Now, if GOG Galaxy is good enough and everyone I know migrates over....this won't be an issue.
If you have beaten it 5 or 6 times then that's understandable but still, I always turn off the chat overlay in single player titles that has a decent narrative to avoid distractions. I also use an external application to take screenshots.
I'm not sure why someone has to ask why, the game looks about 5 years younger with Glide. Same with the original Half-Life, it looked better with 3Dfx in the late 90's than it does with the DirectX Valve forced on to it for Steam.

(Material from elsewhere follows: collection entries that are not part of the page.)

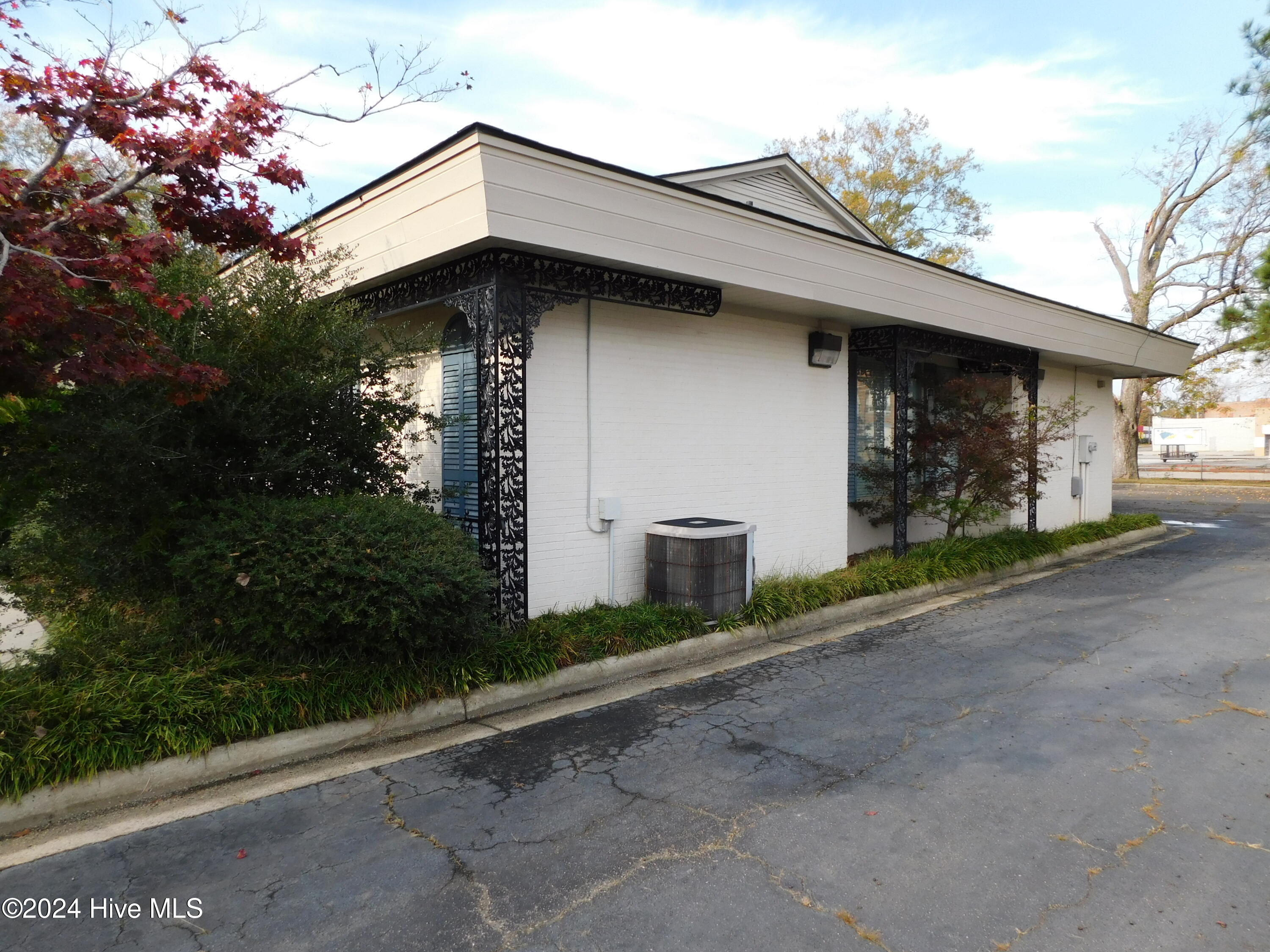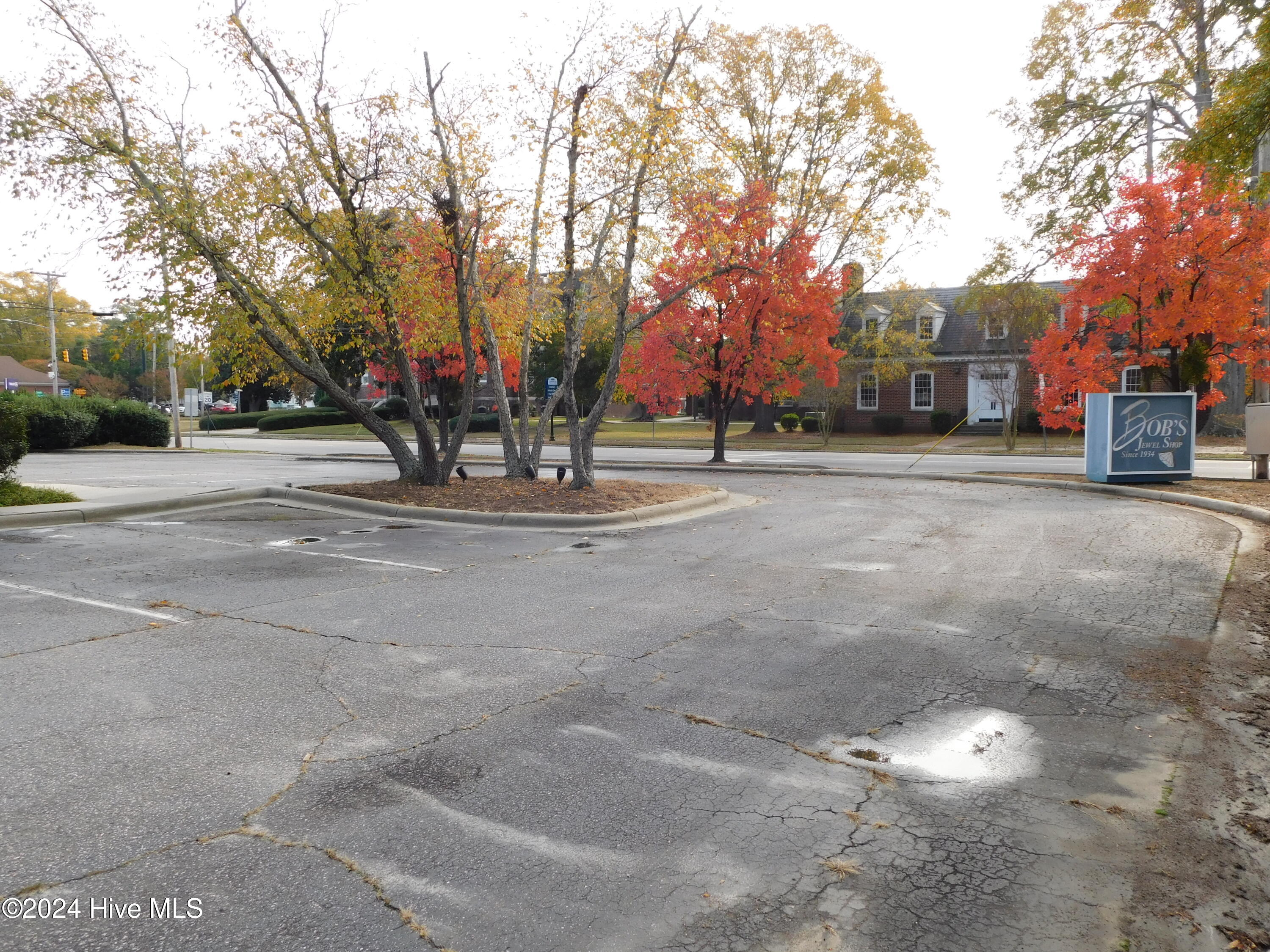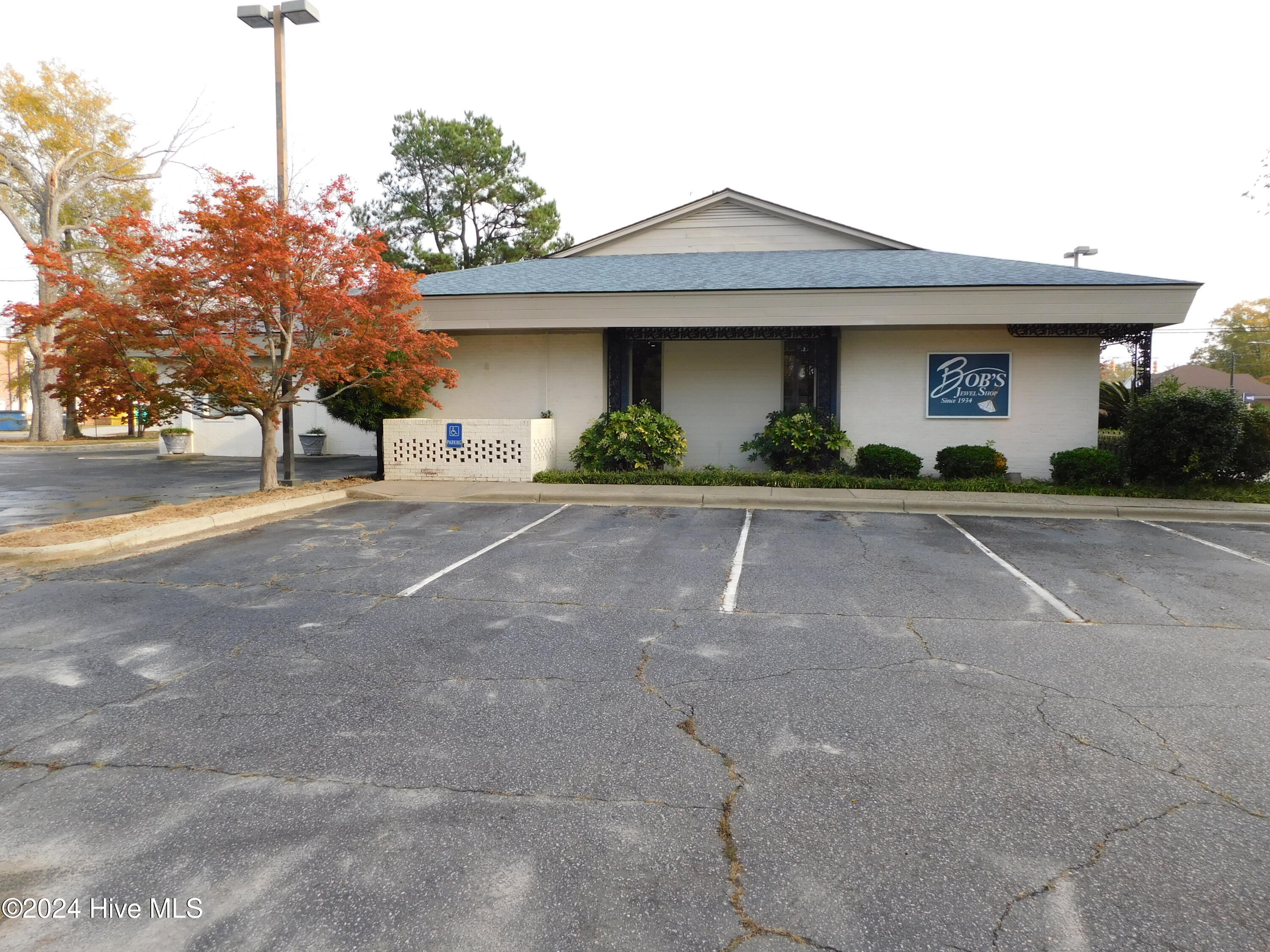 High-visibility corner lot with showroom, offices, and ample parking.
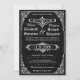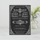 Här är Gothic Victorian, inspirerad bröllop spara datum i svart med ornament, scrollsar, rulla, en banderoll, en blommigt rulla ram, dammmönsterbakgrund och andra gamla stil-detaljer som alla inspirerats av medeltiden i Göteborg och Victorian. Elegans och förfining efter bästa förmåga. Du kan anpassa exempeltexten till fält.
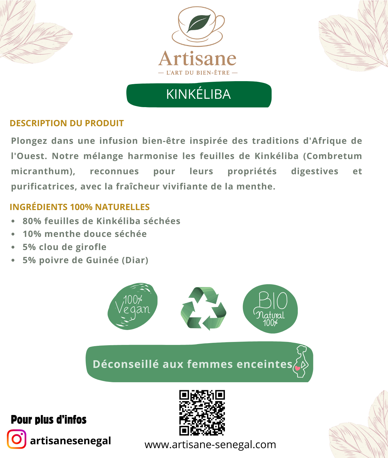 Nous voulons que vous soyez entièrement satisfait de votre achat chez Artisane. Si vous n'êtes pas satisfait de votre commande pour quelque raison que ce soit, nous vous offrons une politique de retour sans tracas.
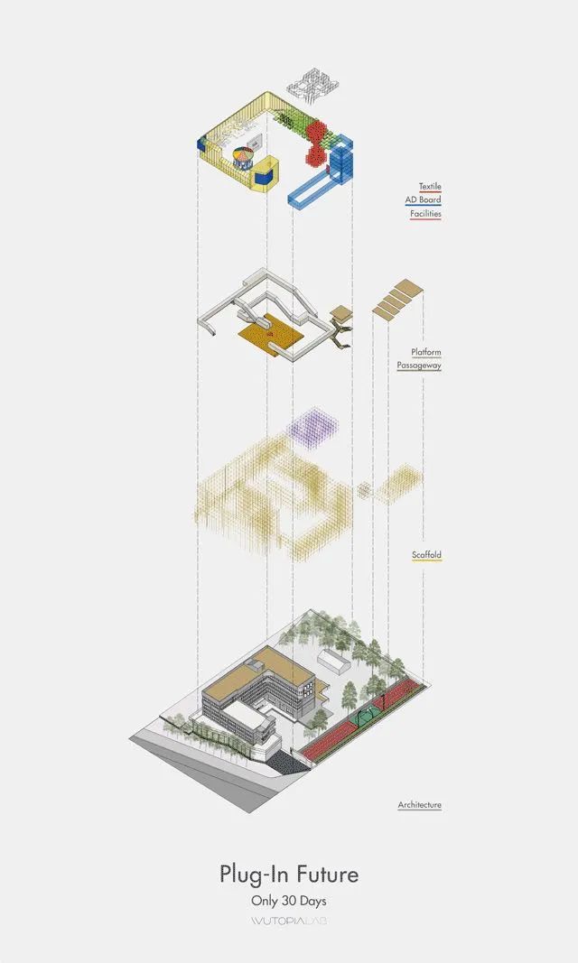 設(shè)計(jì)動(dòng)用 2.6 萬米腳手架,120 噸鋼材和布料,2054 米燈線,在極短的時(shí)間內(nèi),將曾經(jīng)的小學(xué)校園教學(xué)樓改造成一個(gè)顏色斑斕、植物縈繞、頗具魔幻色彩的建筑,成為一座只存在30天23小時(shí)59分59秒的「虛擬城市」。
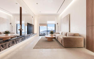 Пентхаус представляет собой идеальное сочетание городской жизни и уединения в окружении природы. Пространство продумано до мелочей и выполнено по системе «ключ в руки»: с дизайнерской мебелью, бытовой техникой и возможностью индивидуальной отделки.
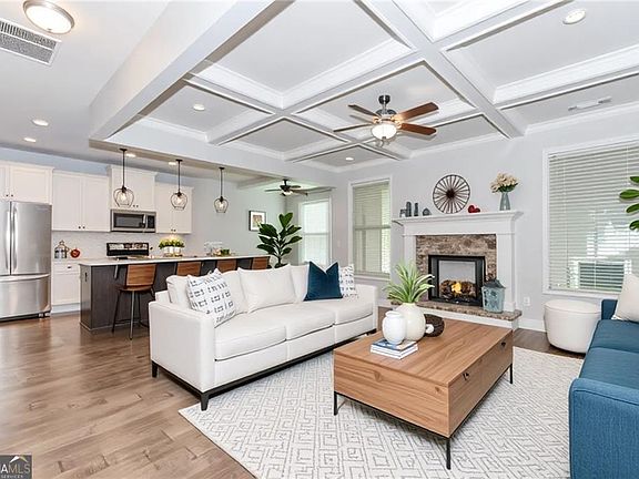 Priced below market value for instant equity! This beautiful 4-bedroom, 3-bath Craftsman home is located in the desirable swim/tennis community of Riverbend at Mulberry Park. The inviting rocking chair front porch welcomes you into an open, spacious interior with hardwood floors throughout the main level. The formal dining area overlooks a versatile flex space ideal for an office or additional living area. The bright kitchen features white cabinets, solid surface countertops, stainless steel appliances, and opens to a fireside family room with a coffered ceiling. Upstairs, the oversized owner's suite boasts a tray ceiling and a luxurious en suite with double vanities, ceramic tile floors, a separate shower, and a soaking tub. Three additional bedrooms and a full bathroom complete the upper level. Enjoy outdoor living on an enclosed back patio with a fireplace and ceiling fan, plus an expanded uncovered patio, perfect for entertaining. The private, fenced backyard adds outdoor privacy. Recent updates include a new HVAC system. The neighborhood offers amenities including a clubhouse, swimming pool, outdoor fireplace, playground, tennis courts, and pickleball. Located near walkable restaurants and within a golf cart-friendly community, this home backs to the Braselton Mulberry Riverwalk trail-perfect for scenic strolls. Conveniently close to Northeast Georgia Medical Center, shopping, and easy access to I-85. Don't miss this opportunity-schedule your showing today!

The only downside is the driver packaged with the game is badly optimised and framerates can suffer even on good machines, if you get a good 3Dfx driver the game looks lush, far superior to DirectX.
I've been playing and fiddling with Unreal Engine games for more than 15 years and I call all that BS. S3 Metal was superior because of S3TC and HiRes textures (at least for UT99), but for the rest part, in year 1998+, Glide was outdated, old and obsolete with the prime issue of being 16bit only and with texture limit of 256x256 where other libraries already supported 32bit and also higher resolution textures.

The extra goodies you may see in games like insects getting smeared on windscreen in NFS2 when running Glide has nothing to do with actual Glide capability. It was just an extra goodie, because it was so much faster than software they could afford it. And to promote Glide of course. Same shit NVIDIA is doing with PhysX...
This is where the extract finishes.